| HN Mirror

Y	Hacker News new \| ask \| show \| jobs

by AMICABoard 699 days ago

My bad, I directly linked to the C file instead of the project here:

It is a program that given a model file, tokenizer file and a prompt, it continues to generate text.

To get it to work, you need to clone and build this: https://github.com/trholding/llama2.c

So the steps are like this:

First you'll need to obtain approval from Meta to download llama3 models on hugging face.

Go to https://huggingface.co/meta-llama/Meta-Llama-3.1-8B-Instruct, fill the form and then go to https://huggingface.co/settings/gated-repos see acceptance status.

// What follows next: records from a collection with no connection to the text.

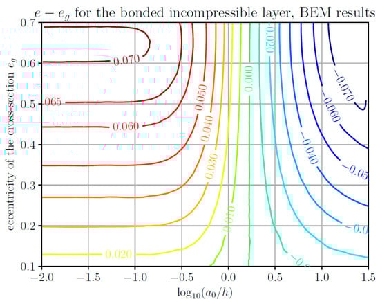 Contour line diagram of the difference between the contact eccentricity e and the indenter eccentricity eg, as a function of the indenter eccentricity and the logarithmic normalized layer thickness, for the contact of an elliptical paraboloid with a single bonded incompressible elastic layer. Numerical results based on the boundary element method (BEM).
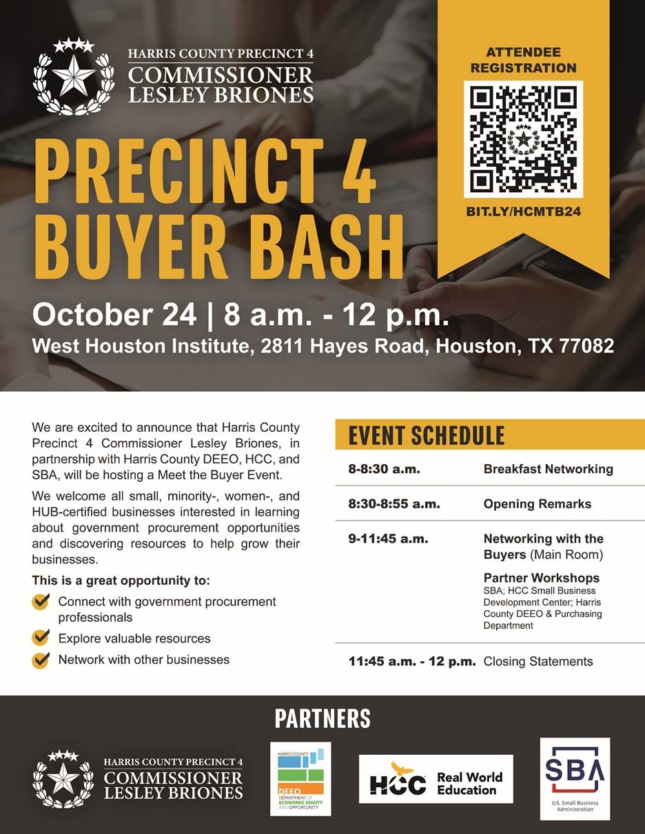 We are excited to announce that Harris County Precinct 4 Commissioner Lesley Briones, in partnership with Harris County DEEO, HCC, and SBA, will be hosting a Meet the Buyer Event. We welcome all small, minority-, women-, and HUB-certified businesses interested in learning about government procurement opportunities and discovering resources to help grow their businesses. Register [...]
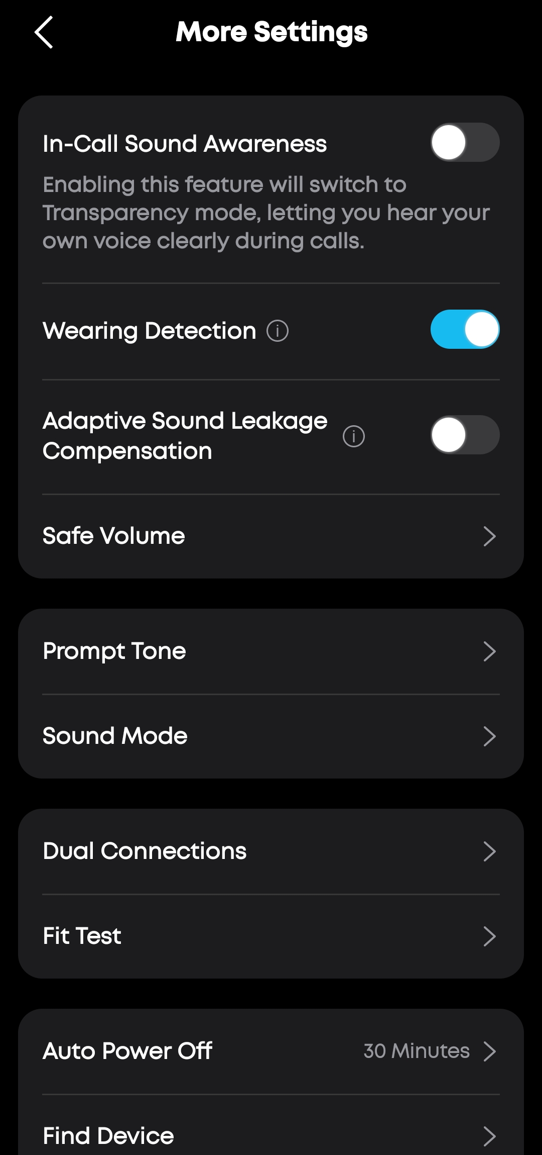 Дополнительные настройки включают Wearing Detection (автопауза при снятии наушников), чувствительность сенсорных панелей (Firmest, Medium, Softest), Dual Connections для одновременного подключения двух устройств, Fit Test для проверки правильности посадки, Auto Power Off — автовыключение и функцию Find Device, когда наушники издают громкий звук для их поиска в случаи потери.
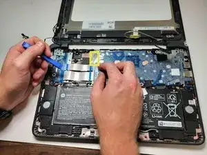 Отключите кабель батареи от системной платы. Потяните кабель прямо из разъёма за белую пластиковую часть вблизи точки соединения.
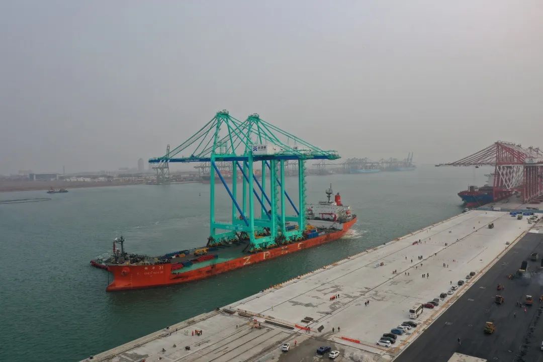 2020年上半年,上海因超长梅雨季节拖慢了岸桥制造的进度。这期间,天津港工作人员却没有一丝的懈怠,他们积极与上海方面协商调整施工调试计划,监造工程师更是几乎全年“驻扎”在工厂里,以保证了设备制造进度和质量。技术部副经理陈培回忆说:“尽管本应早已到位的码头设备迟至初冬才到达,但当2020年11月16日,一期首批2台青色岸桥到岸到达时,大家都兴奋的提前到岸边等待。虽然天气特别寒冷,但大家的干劲火热高涨。”
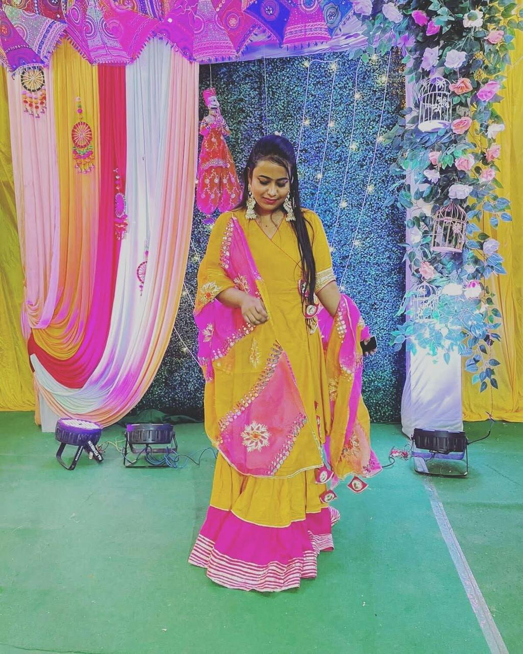 This three-piece Gota Patti Sharara suit set.
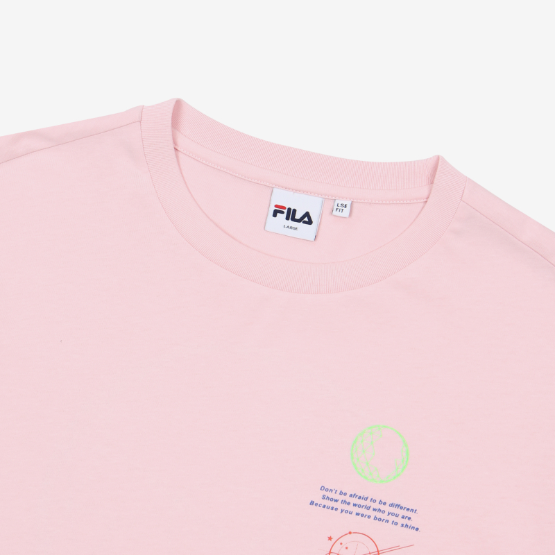LSE FIT (Fits a size bigger, oversized)[Voyager Collection] by SS20FILA Korea,which applies the artwork and materials to match the trend of the motif from the Space and Stars.Fit to keep a comfortable fit that doesn't stick to the bodyMade of polyester / cotton blend, easy to wash and excellent in shape stability.Material: 75% Cotton, 25% polyester
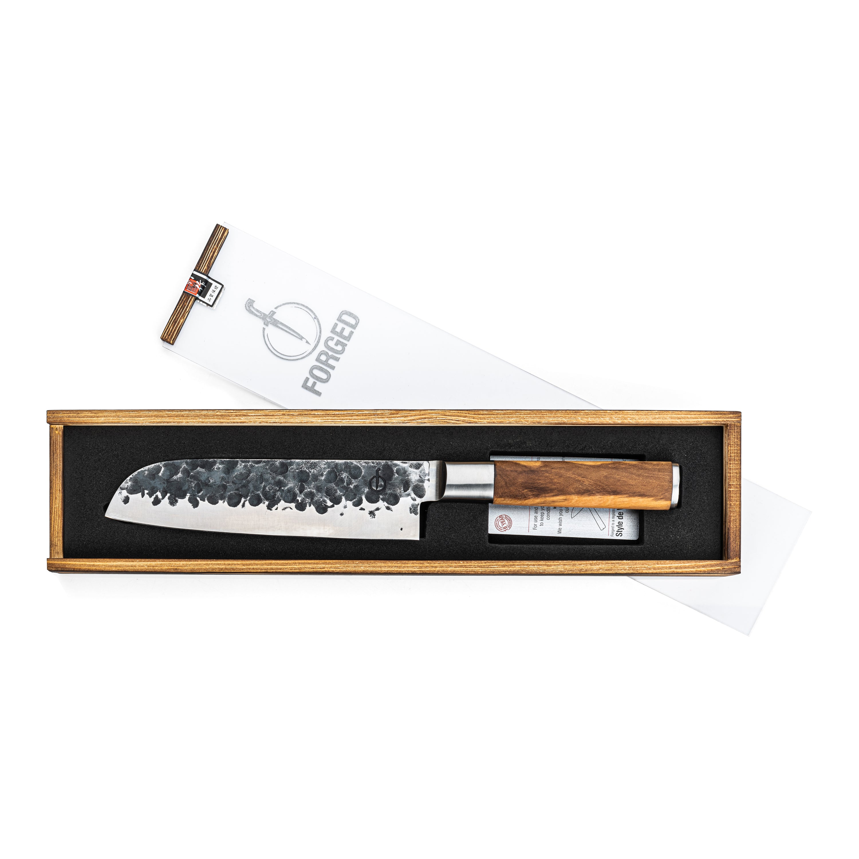 Mooie messen waar je hart sneller van gaat kloppen, waar je het liefst de hele dag mee in de keuken wil doorbrengen. In dat rijtje horen de Forged messen thuis. Deze robuuste, opvallende messen zijn volledig met de hand gesmeden!
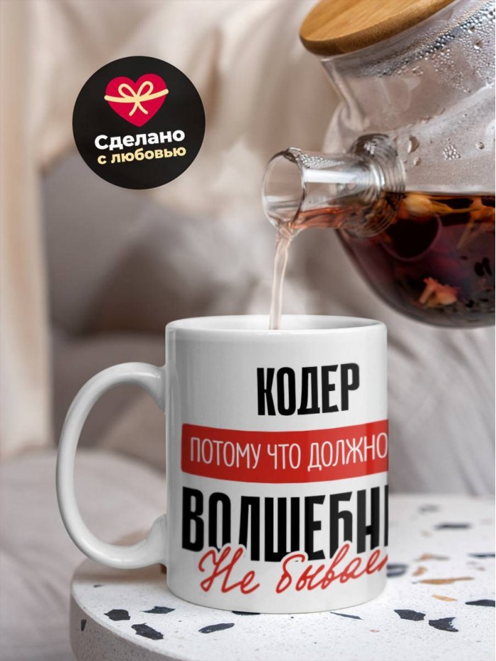 Сувенирная белая кружка с принтом "Кодер, потому что должности волшебник не бывает" – отличный подарок родным и близким людям для любого случая. Уникальный дизайн делает ее неповторимой и привлекательной для глаз. Принты могут быть разными: от ярких креативных решений, которые идеально подойдут молодежи, до классических элегантных узоров, радующих взгляд людей любого поколения во время чаепития. Рисунок наносится с использованием специализированного оборудования, материалами, прошедшими испытания на пригодность к использованию в быту.
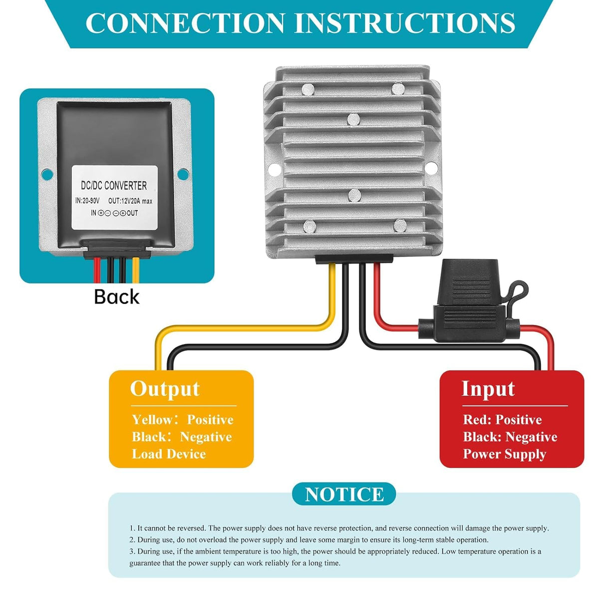 A. Test The Environmental Conditions B. Unless Otherwise Specified, The Tests In This Specification Shall Be Conducted Under The Standard Atmospheric Conditions Tested C. Temperature:15?~35?. D. Relative Humidity: 45%~75% E. The Instrument Accuracy Of The Measured Voltage Shall Not Be Less Than 0.5 Level, And The Internal Resistance Shall Not Be Less Than 10 Ko / V. F. The Instrument Accuracy Of Measuring Current Shall Not Be Less Than The 0.5 Level G. The Accuracy Of The Instrument Used For Measuring The Temperature Shall Not Be Less Than 1? Input Range:20-90V Rated Input Voltage:24/36/48/60/72/84V Transfer Efficiency:95% Incoming Line:15-16Cm(R+ B-) Output Voltage:12V Output:20A Max Maximumoutput:240W Max No-Load Adjustment Rate:2% Load Regulation:3% Quiescent Dissipation:=30Ma Do Not Use It Near A Heat Source (Such As A Fire Or A Heater) Do Not Connect The Input Line To 220V Electricity Do Not Put The Product Into The Fire Or Heat It Do Not Short-Circuit The Positive Or Negative Poles Of The Product With Wires Or Other Metal Objects Non-Professional Personnel Are Prohibited To Disassemble And Repair By Themselves
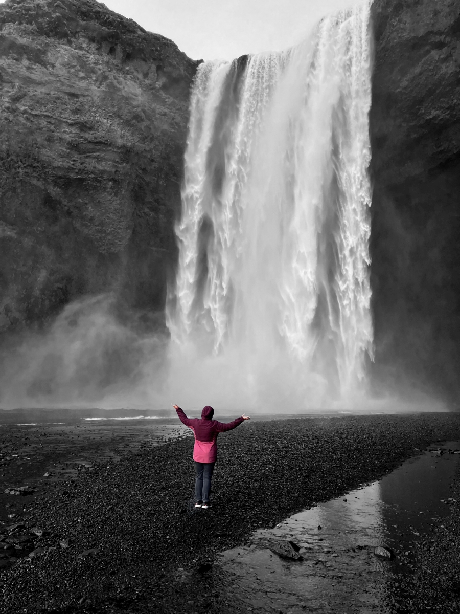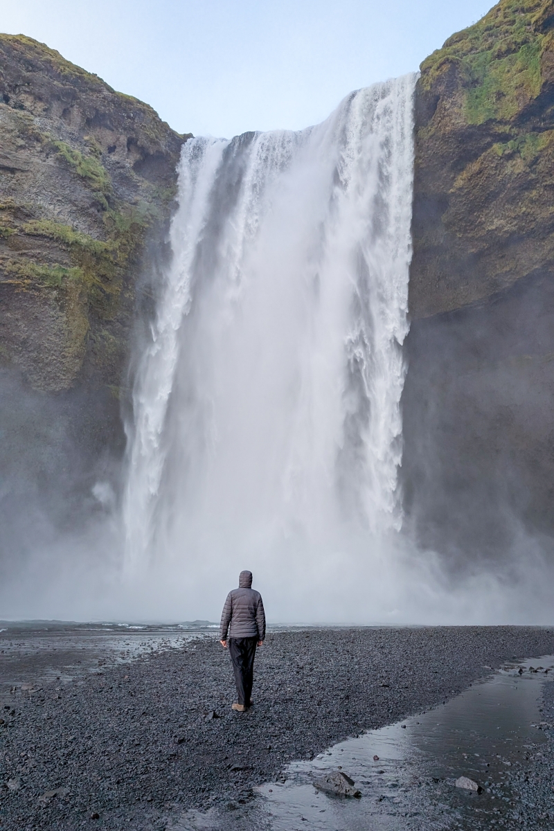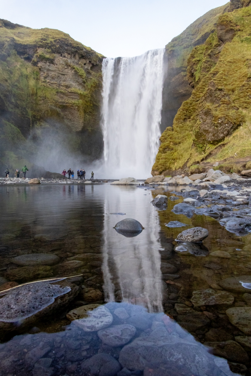 Bei diesen Aufnahmen würd die Dimension des Wasserfalls schön deutlich, weil der Mensch als Maßstab (ich wollte gerade sagen: aller Dinge. Aber nein,pardon: allen Wassers…) im Bild ist.

Once accepted, do the following to download model, export and run.

huggingface-cli download meta-llama/Meta-Llama-3.1-8B-Instruct --include "original/*" --local-dir Meta-Llama-3.1-8B-Instruct

cd llama2.c/

# Export Quantized 8bit

python3 export.py ../llama3.1_8b_instruct_q8.bin --version 2 --meta-llama ../Meta-Llama-3.1-8B-Instruct/original/

# Fastest Quantized Inference build

make runq_cc_openmp

# Test Llama 3.1 inference, it should generate sensible text

./run ../llama3.1_8b_instruct_q8.bin -z tokenizer_l3.bin -l 3 -i " My cat"